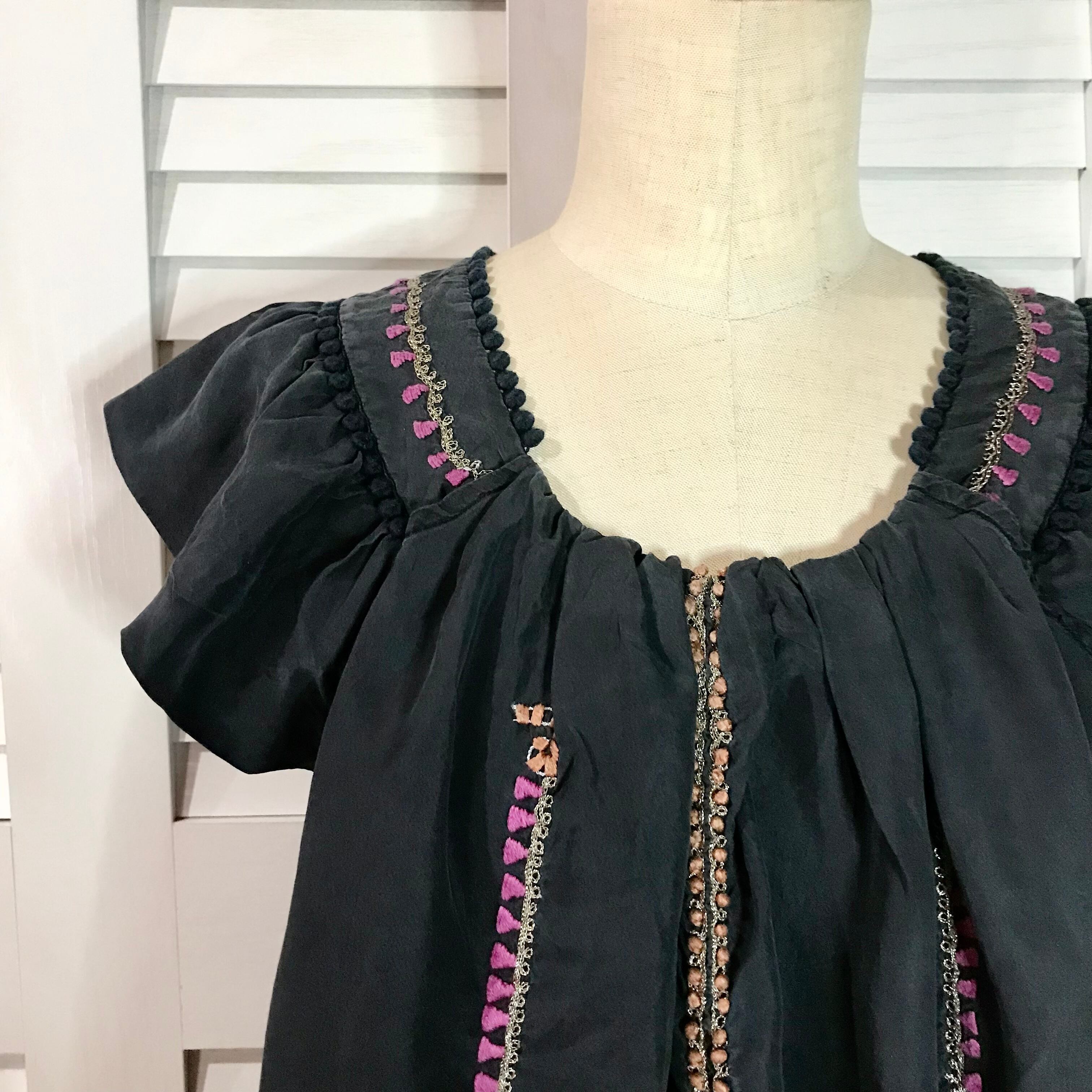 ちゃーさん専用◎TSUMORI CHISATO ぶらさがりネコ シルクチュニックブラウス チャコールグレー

---

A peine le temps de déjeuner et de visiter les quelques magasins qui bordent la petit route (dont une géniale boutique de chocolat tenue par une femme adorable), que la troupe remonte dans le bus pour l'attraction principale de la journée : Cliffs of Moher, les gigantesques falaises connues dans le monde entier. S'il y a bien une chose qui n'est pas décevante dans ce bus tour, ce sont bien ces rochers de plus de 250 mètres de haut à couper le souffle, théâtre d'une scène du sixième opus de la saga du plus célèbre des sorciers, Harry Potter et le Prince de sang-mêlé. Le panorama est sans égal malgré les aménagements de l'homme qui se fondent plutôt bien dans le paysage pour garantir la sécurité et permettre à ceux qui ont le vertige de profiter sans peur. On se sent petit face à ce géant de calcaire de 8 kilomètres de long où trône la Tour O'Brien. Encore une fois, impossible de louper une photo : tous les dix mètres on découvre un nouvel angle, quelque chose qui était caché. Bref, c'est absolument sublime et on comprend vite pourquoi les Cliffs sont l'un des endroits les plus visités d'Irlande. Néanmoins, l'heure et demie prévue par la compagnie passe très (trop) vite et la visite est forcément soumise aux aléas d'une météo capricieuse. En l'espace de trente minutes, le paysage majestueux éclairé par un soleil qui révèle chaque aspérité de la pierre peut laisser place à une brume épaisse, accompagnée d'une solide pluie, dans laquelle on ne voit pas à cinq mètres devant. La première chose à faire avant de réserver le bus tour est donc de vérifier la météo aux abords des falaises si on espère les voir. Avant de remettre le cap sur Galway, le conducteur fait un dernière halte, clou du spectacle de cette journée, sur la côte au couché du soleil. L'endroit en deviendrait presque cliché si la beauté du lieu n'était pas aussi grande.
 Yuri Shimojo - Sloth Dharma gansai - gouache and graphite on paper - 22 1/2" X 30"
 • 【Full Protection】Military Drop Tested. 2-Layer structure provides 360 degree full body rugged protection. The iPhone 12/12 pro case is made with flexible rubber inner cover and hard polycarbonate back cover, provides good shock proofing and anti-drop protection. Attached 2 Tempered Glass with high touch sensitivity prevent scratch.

> _About this task_:
Using only the listing above, restate exactly the lines from the line containing "Yuri Shimojo - Sloth" through the line containing "sensitivity prevent scratch.", both included.

> _Written solution_:
 Yuri Shimojo - Sloth Dharma gansai - gouache and graphite on paper - 22 1/2" X 30"
 • 【Full Protection】Military Drop Tested. 2-Layer structure provides 360 degree full body rugged protection. The iPhone 12/12 pro case is made with flexible rubber inner cover and hard polycarbonate back cover, provides good shock proofing and anti-drop protection. Attached 2 Tempered Glass with high touch sensitivity prevent scratch.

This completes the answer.